══ RECORDS FOR THIS TASK

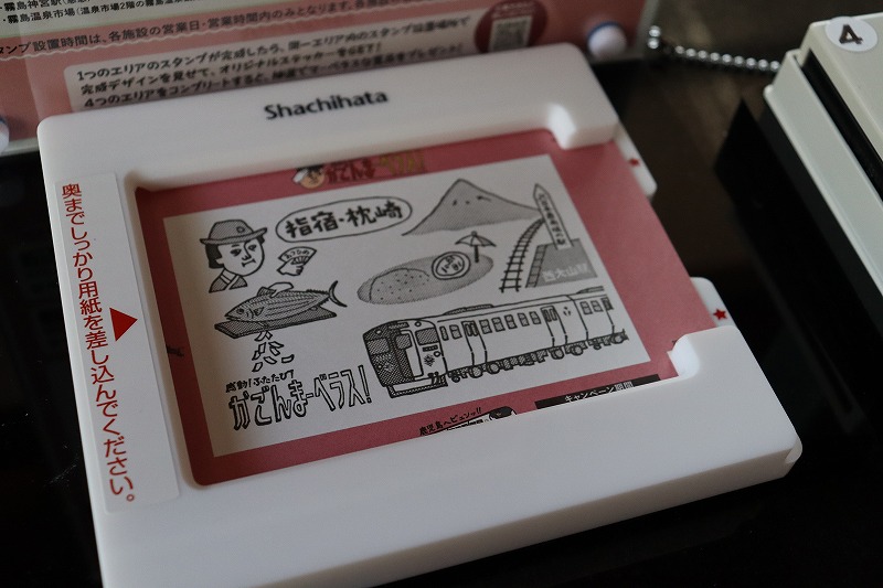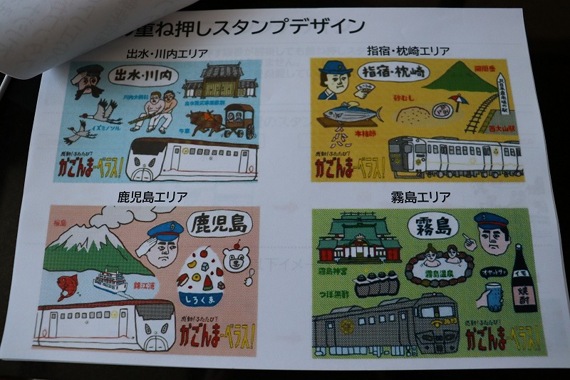 薩摩伝承館は黒インクでスタンプされます。カゴマニア独特の可愛い絵柄でこれは集めたくなりますね!温泉やJR日本最南端の駅など、各地の観光を楽しみながらぜひ集めてください(*’▽’)
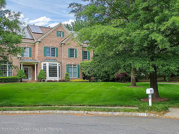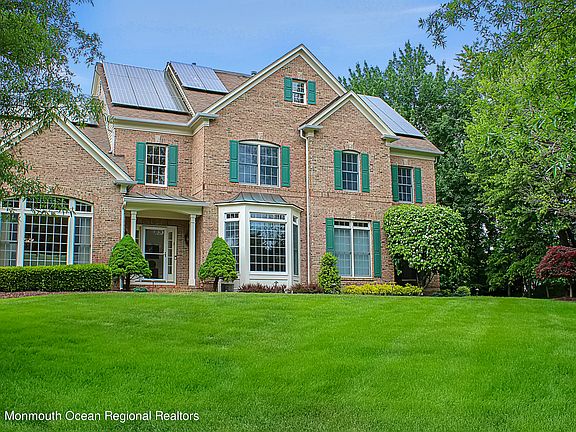 Sitting on top of the hill on almost 2 acres in a cul-de-sac in sought-after High Gate community. This stunning south-facing sun-drenched home offers open-concept living with Gourmet Kitchen & Breakfast Nook, Butler's Pantry with wet bar, 2-story Great Room with wall of windows connects to a Sunroom overlooking the private rear yard. 2nd Staircase to bedrooms. The owner's bedroom suite features 2 walk-in closets & a luxurious bath. Three spacious bedrooms with walk-in closets include a private bath, a Jack & Jill. Finished Walk-Out Basement has large Rec area which includes a dance floor, Full Bath, & huge storage. Energy-efficient Solar Panels will save you money for years to come! Public sewer & water, top-rated Holmdel schools. Convenient for Commuting, Shopping, Restaurants & Beaches
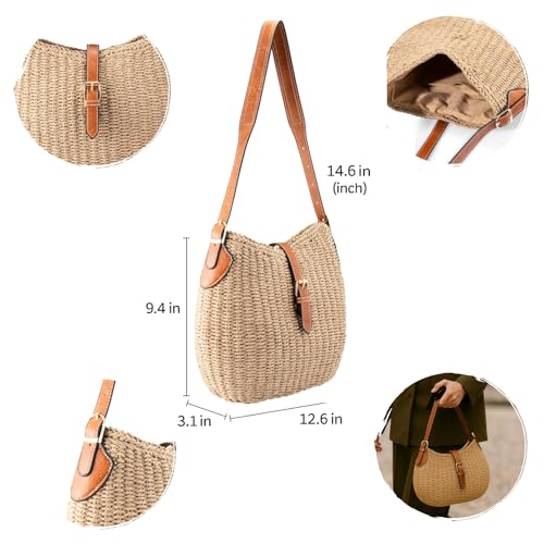YXILEE Handmade Straw Shoulder Bag for Women,Summer Beach Bag,Adjustable Strap 6
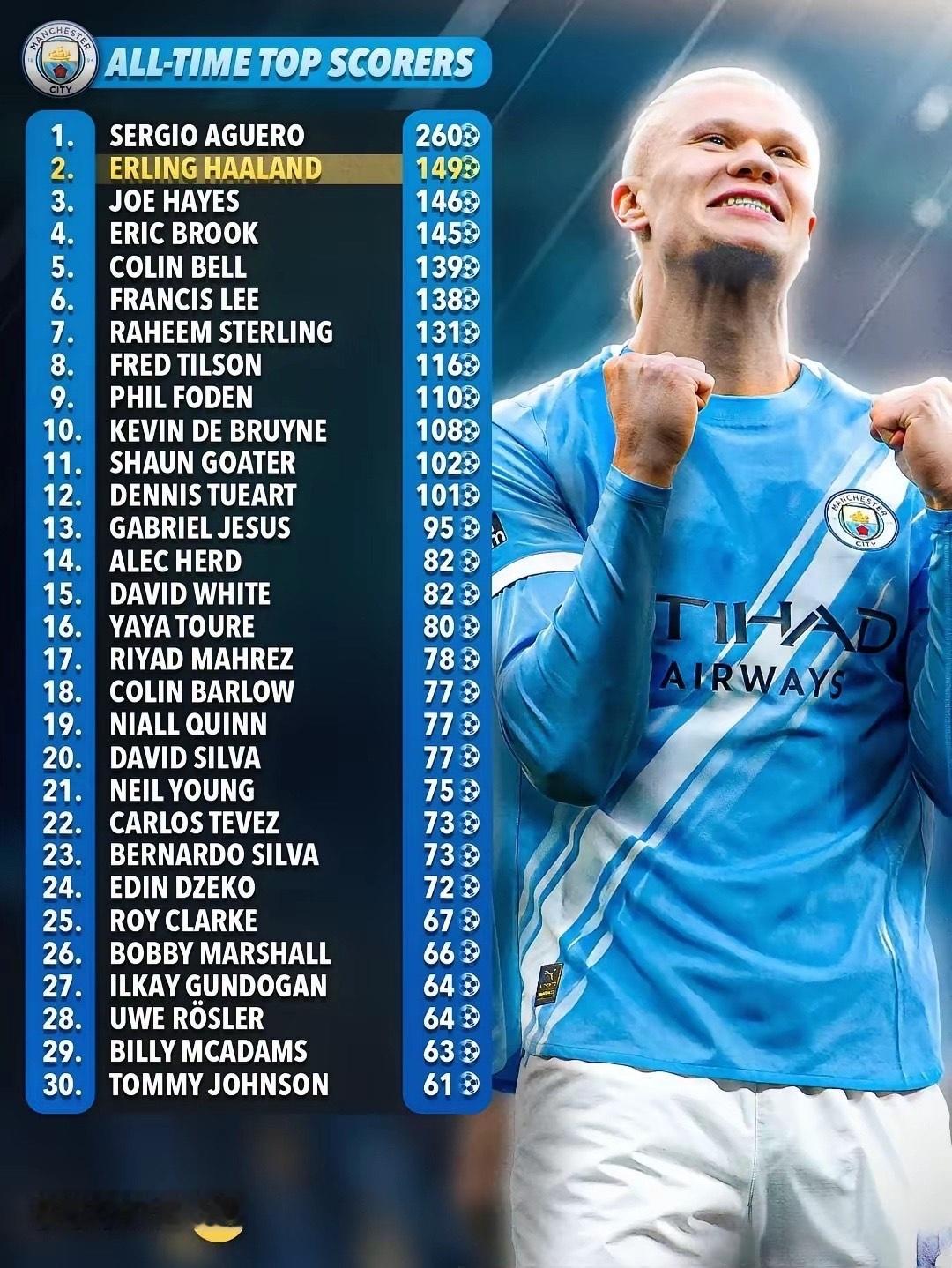 曼城历史射手榜更新!哈兰德直冲第二,这速度真的正常吗?曼城队史射手榜同样摊开来看,但画风和隔壁红魔完全不一样。如果说曼联是“百年慢炖”,那曼城更像是“近代猛火”。榜首依旧是阿圭罗的 260 球,高高在上,而真正让人头皮发麻的,是那个已经冲到第二位的名字以下为曼城历史射手榜完整排名(按进球数)1、塞尔吉奥·阿圭罗260球2、埃尔林·哈兰德149球现役|仍在疯狂上涨中3、乔·海耶斯146球4、埃里克·布鲁克145球5、科林·贝尔139球6、弗朗西斯·李138球7、拉希姆·斯特林131球8、弗雷德·蒂尔森116球9、菲尔·福登110球10、凯文·德布劳内108球11、肖恩·戈特尔102球12、丹尼斯·图尔特101球13、加布里埃尔·热苏斯95球14、亚历克·赫德82球15、大卫·怀特82球16、亚亚·图雷80球17、里亚德·马赫雷斯78球18、科林·巴洛77球19、尼尔·奎因77球20、大卫·席尔瓦77球21、尼尔·杨75球22、卡洛斯·特维斯73球23、贝尔纳多·席尔瓦73球24、埃丁·哲科72球25、罗伊·克拉克67球26、博比·马歇尔66球27、京多安64球28、乌韦·勒斯勒64球29、比利·麦卡当斯63球30、汤米·约翰逊61球真正夸张的只有这一行:哈兰德,149 球,队史第二,而且还没刹车。加盟时间不长,却已经把一堆传奇甩在身后,甚至连“追阿圭罗”这种原本听着很离谱的话,现在都变得有点现实了问题来了:以哈兰德目前的效率,他超越阿圭罗成为曼城队史第一射手,只是时间问题吗?还是说,这个纪录会成为英超史上最没悬念的一次登顶?
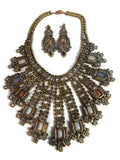 Czech Glass Colorful Statement Necklace and matching earrings. Signed Husar D. Set in non plated brass. The necklace measures 17" with a 2 1/2" extension chain. The earrings are 2 1/2" by 1/2" Very good condition.
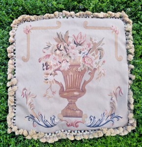 25" John Richard Aubusson Floral Needlpoint Tapastrey Wool Pillow Large Tassle
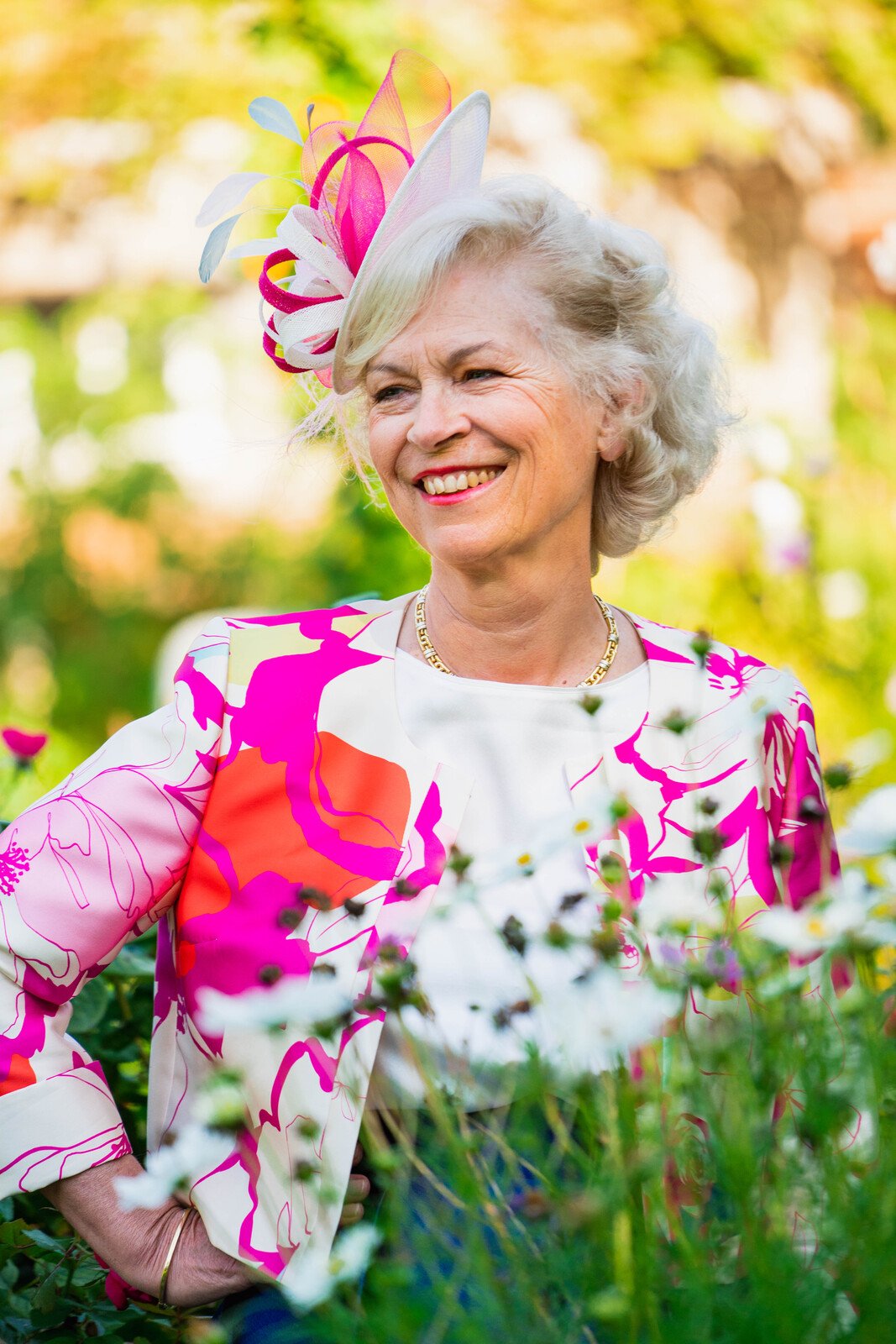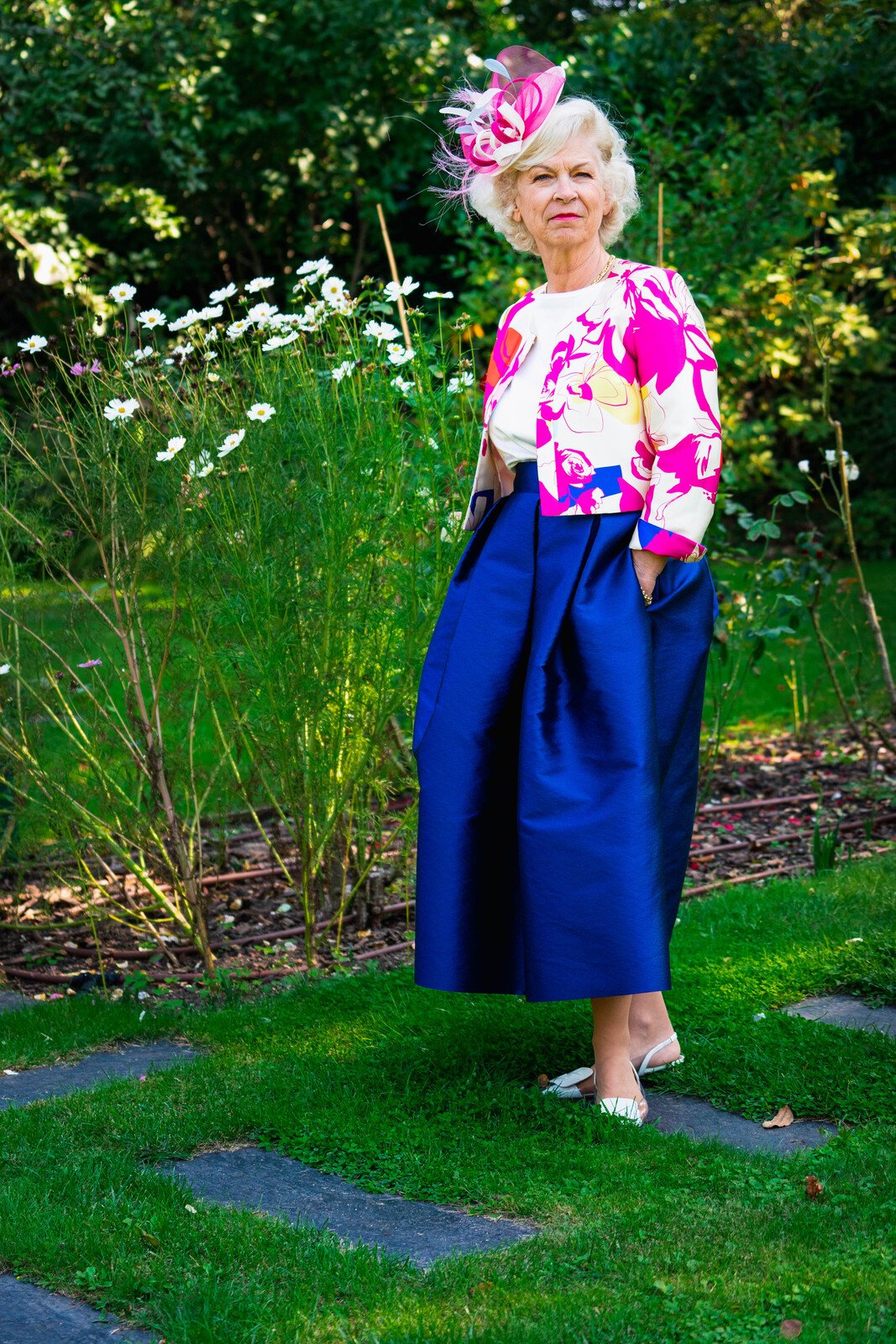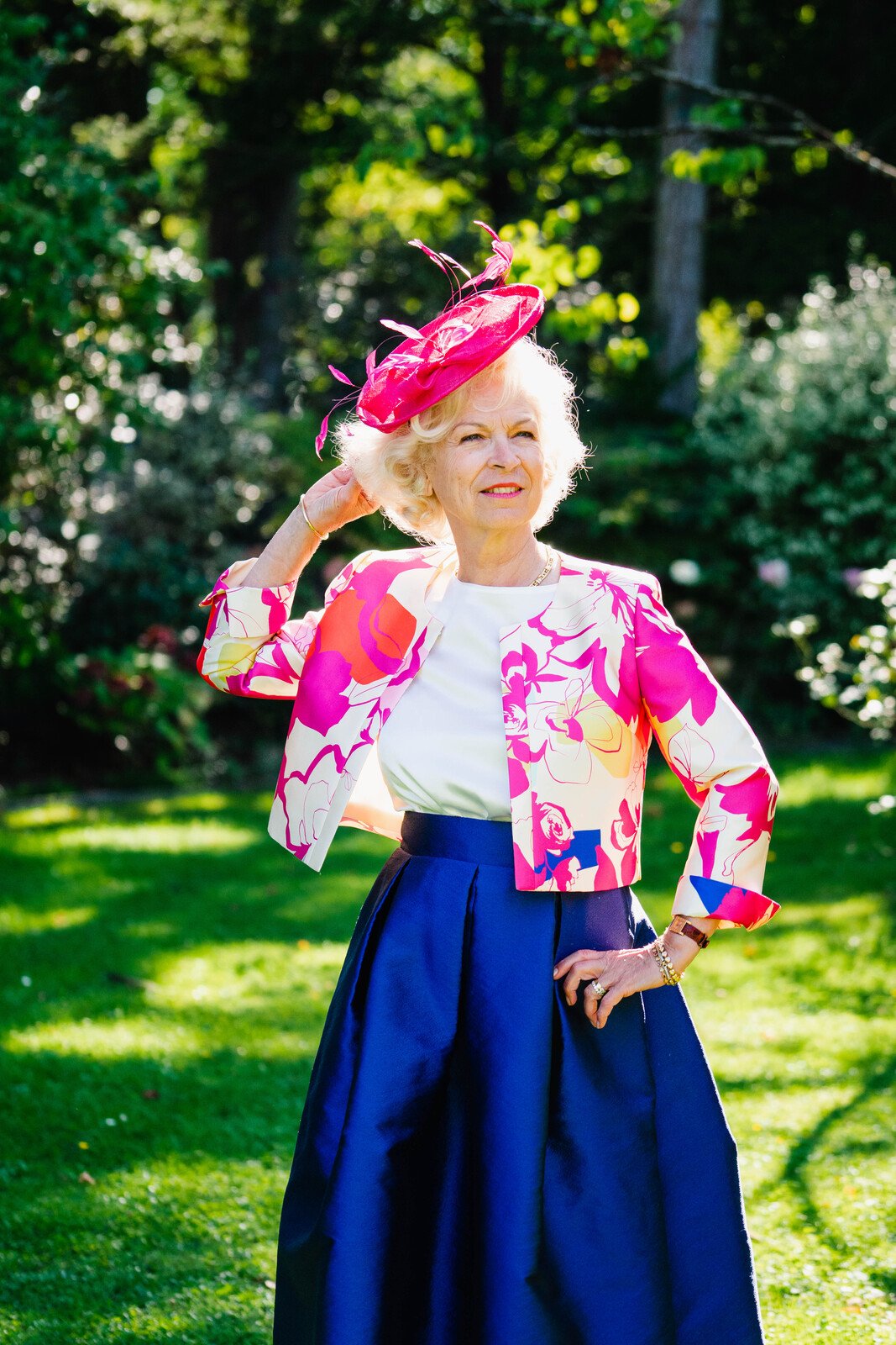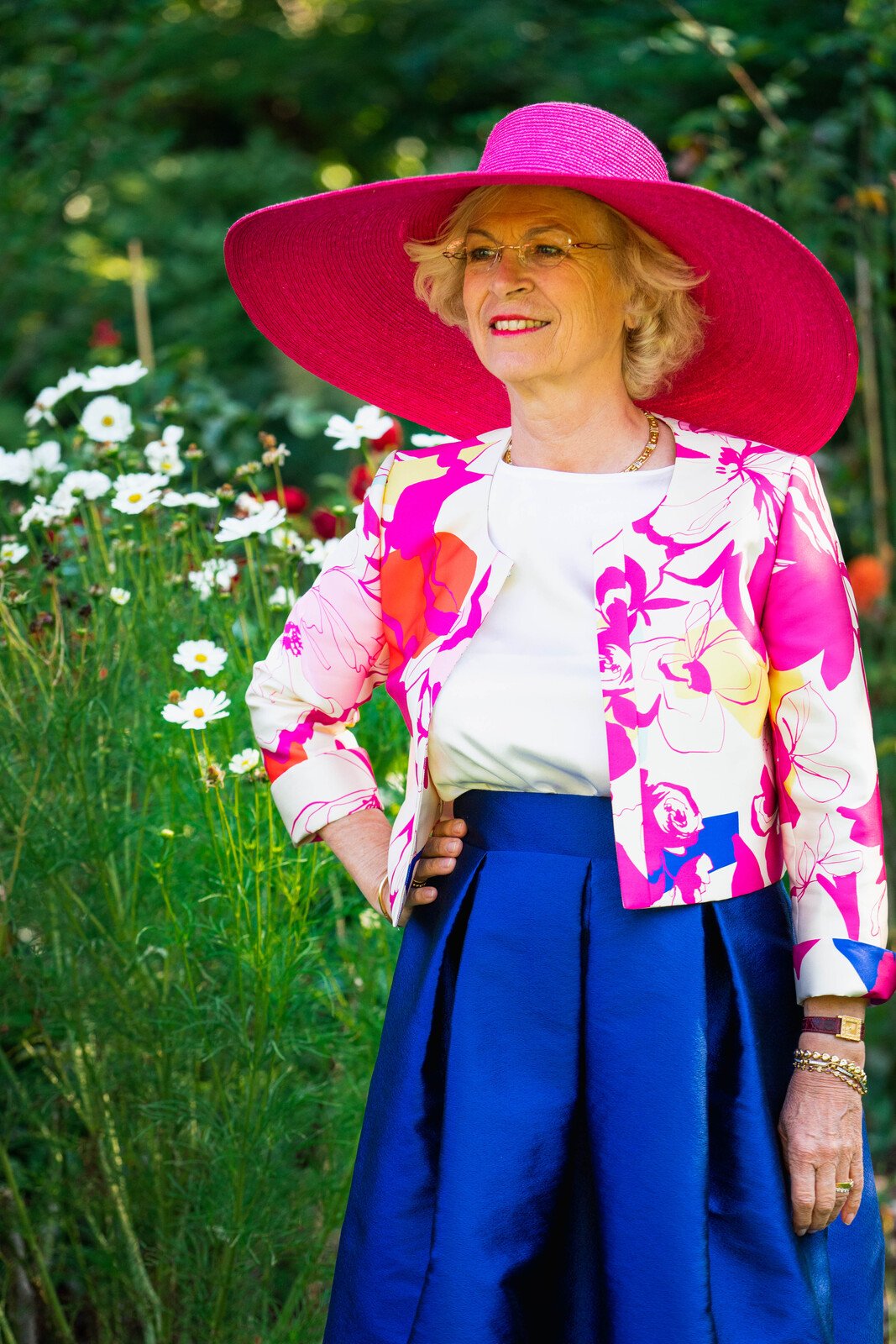 La veste THERESE, est élégante et contemporaine, elle est ornée de grandes fleurs Magenta aquarellées, idéale pour un cocktail ou une réception . Elle peut également être portée séparément à d’autres occasions.

════

ABOUT THIS TASK
Once the pictures are dropped, repeat the data above exactly.

RESULT BELOW
 薩摩伝承館は黒インクでスタンプされます。カゴマニア独特の可愛い絵柄でこれは集めたくなりますね!温泉やJR日本最南端の駅など、各地の観光を楽しみながらぜひ集めてください(*’▽’)
 Sitting on top of the hill on almost 2 acres in a cul-de-sac in sought-after High Gate community. This stunning south-facing sun-drenched home offers open-concept living with Gourmet Kitchen & Breakfast Nook, Butler's Pantry with wet bar, 2-story Great Room with wall of windows connects to a Sunroom overlooking the private rear yard. 2nd Staircase to bedrooms. The owner's bedroom suite features 2 walk-in closets & a luxurious bath. Three spacious bedrooms with walk-in closets include a private bath, a Jack & Jill. Finished Walk-Out Basement has large Rec area which includes a dance floor, Full Bath, & huge storage. Energy-efficient Solar Panels will save you money for years to come! Public sewer & water, top-rated Holmdel schools. Convenient for Commuting, Shopping, Restaurants & Beaches
YXILEE Handmade Straw Shoulder Bag for Women,Summer Beach Bag,Adjustable Strap 6
 曼城历史射手榜更新!哈兰德直冲第二,这速度真的正常吗?曼城队史射手榜同样摊开来看,但画风和隔壁红魔完全不一样。如果说曼联是“百年慢炖”,那曼城更像是“近代猛火”。榜首依旧是阿圭罗的 260 球,高高在上,而真正让人头皮发麻的,是那个已经冲到第二位的名字以下为曼城历史射手榜完整排名(按进球数)1、塞尔吉奥·阿圭罗260球2、埃尔林·哈兰德149球现役|仍在疯狂上涨中3、乔·海耶斯146球4、埃里克·布鲁克145球5、科林·贝尔139球6、弗朗西斯·李138球7、拉希姆·斯特林131球8、弗雷德·蒂尔森116球9、菲尔·福登110球10、凯文·德布劳内108球11、肖恩·戈特尔102球12、丹尼斯·图尔特101球13、加布里埃尔·热苏斯95球14、亚历克·赫德82球15、大卫·怀特82球16、亚亚·图雷80球17、里亚德·马赫雷斯78球18、科林·巴洛77球19、尼尔·奎因77球20、大卫·席尔瓦77球21、尼尔·杨75球22、卡洛斯·特维斯73球23、贝尔纳多·席尔瓦73球24、埃丁·哲科72球25、罗伊·克拉克67球26、博比·马歇尔66球27、京多安64球28、乌韦·勒斯勒64球29、比利·麦卡当斯63球30、汤米·约翰逊61球真正夸张的只有这一行:哈兰德,149 球,队史第二,而且还没刹车。加盟时间不长,却已经把一堆传奇甩在身后,甚至连“追阿圭罗”这种原本听着很离谱的话,现在都变得有点现实了问题来了:以哈兰德目前的效率,他超越阿圭罗成为曼城队史第一射手,只是时间问题吗?还是说,这个纪录会成为英超史上最没悬念的一次登顶?
 Czech Glass Colorful Statement Necklace and matching earrings. Signed Husar D. Set in non plated brass. The necklace measures 17" with a 2 1/2" extension chain. The earrings are 2 1/2" by 1/2" Very good condition.
 25" John Richard Aubusson Floral Needlpoint Tapastrey Wool Pillow Large Tassle
 La veste THERESE, est élégante et contemporaine, elle est ornée de grandes fleurs Magenta aquarellées, idéale pour un cocktail ou une réception . Elle peut également être portée séparément à d’autres occasions.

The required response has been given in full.